### TASK OBJECTIVE
Under this line is some data; print exactly the lines from the one containing "Interacting chains are" through its last line, without pictures.

### DATA
# # #

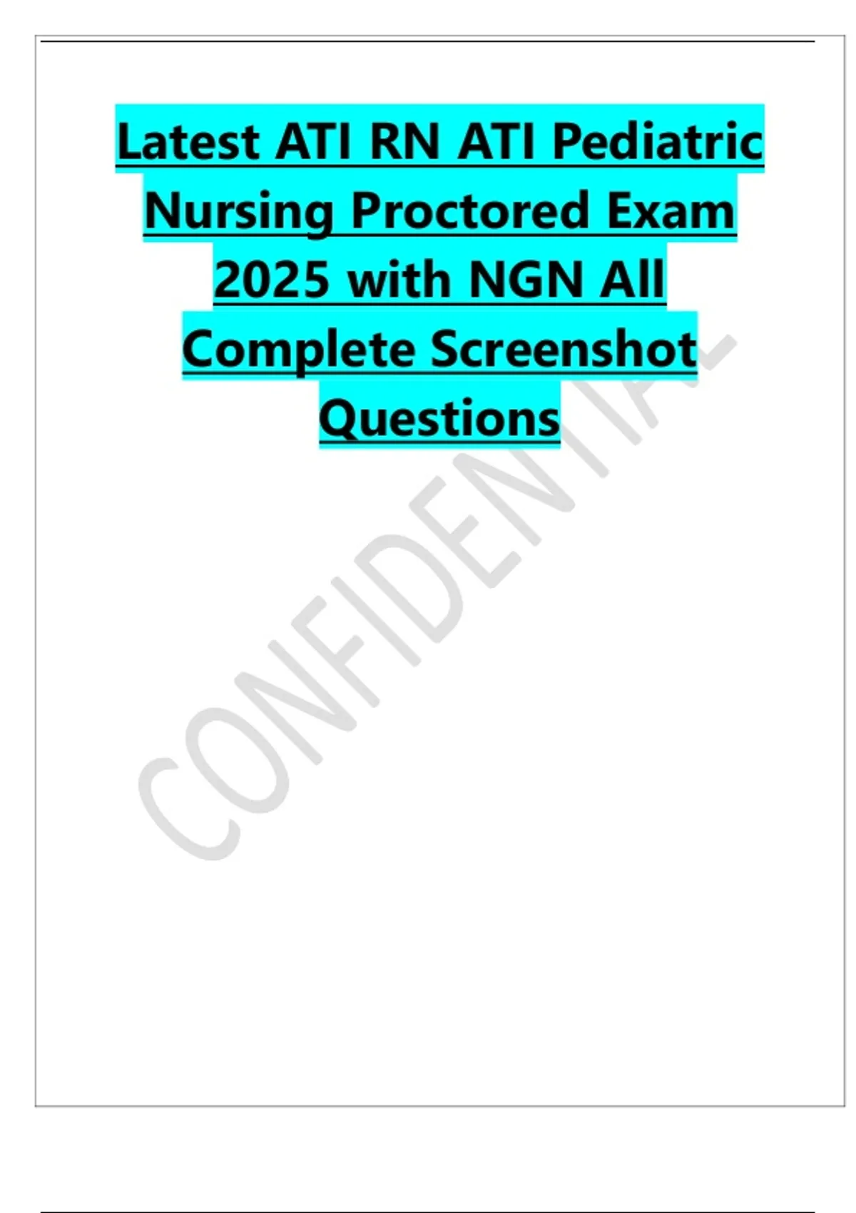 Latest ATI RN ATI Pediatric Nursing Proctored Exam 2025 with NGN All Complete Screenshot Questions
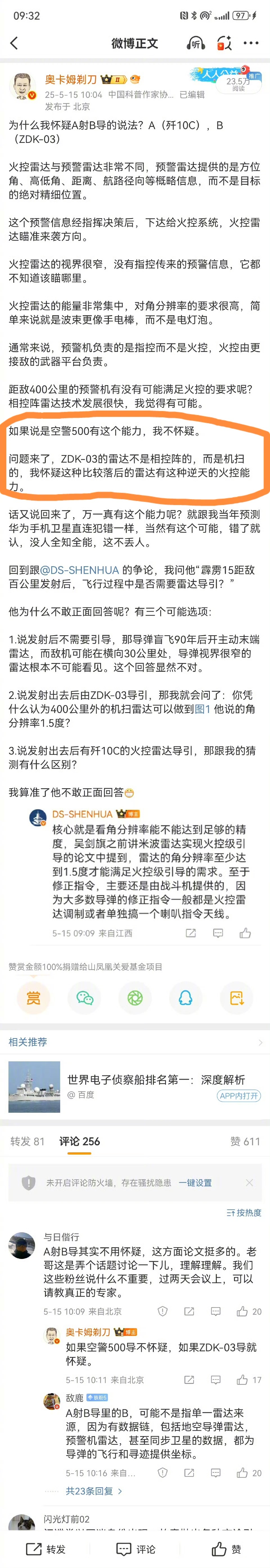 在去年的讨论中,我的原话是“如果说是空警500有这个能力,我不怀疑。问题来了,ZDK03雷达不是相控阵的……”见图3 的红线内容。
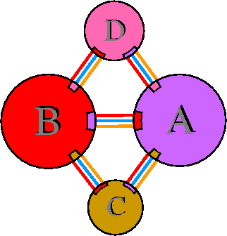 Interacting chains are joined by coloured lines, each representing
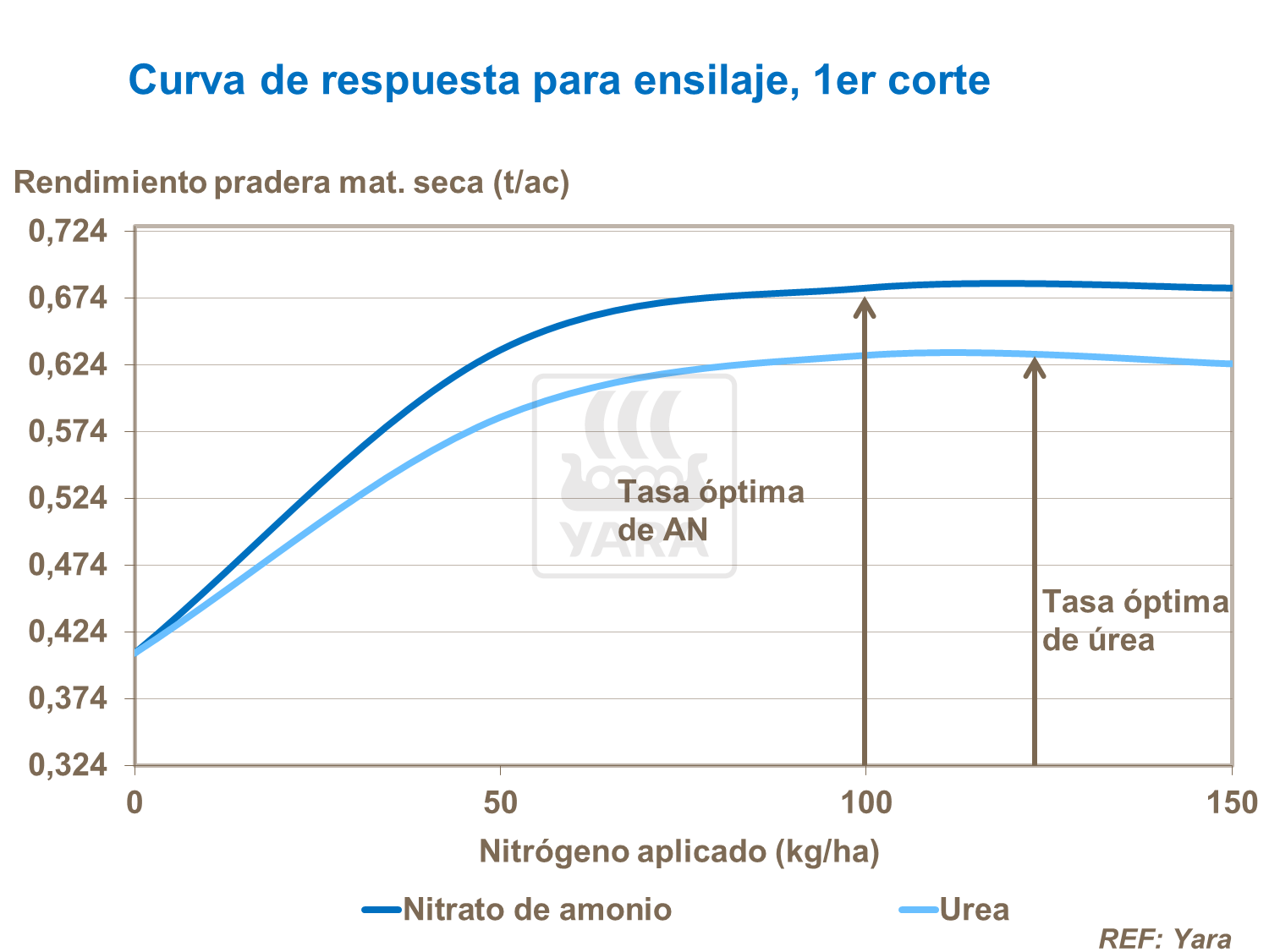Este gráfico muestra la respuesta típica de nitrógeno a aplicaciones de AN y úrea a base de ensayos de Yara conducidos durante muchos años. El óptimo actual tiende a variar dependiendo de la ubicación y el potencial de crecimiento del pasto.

# # #

### YOUR RESPONSE
 Interacting chains are joined by coloured lines, each representing
Este gráfico muestra la respuesta típica de nitrógeno a aplicaciones de AN y úrea a base de ensayos de Yara conducidos durante muchos años. El óptimo actual tiende a variar dependiendo de la ubicación y el potencial de crecimiento del pasto.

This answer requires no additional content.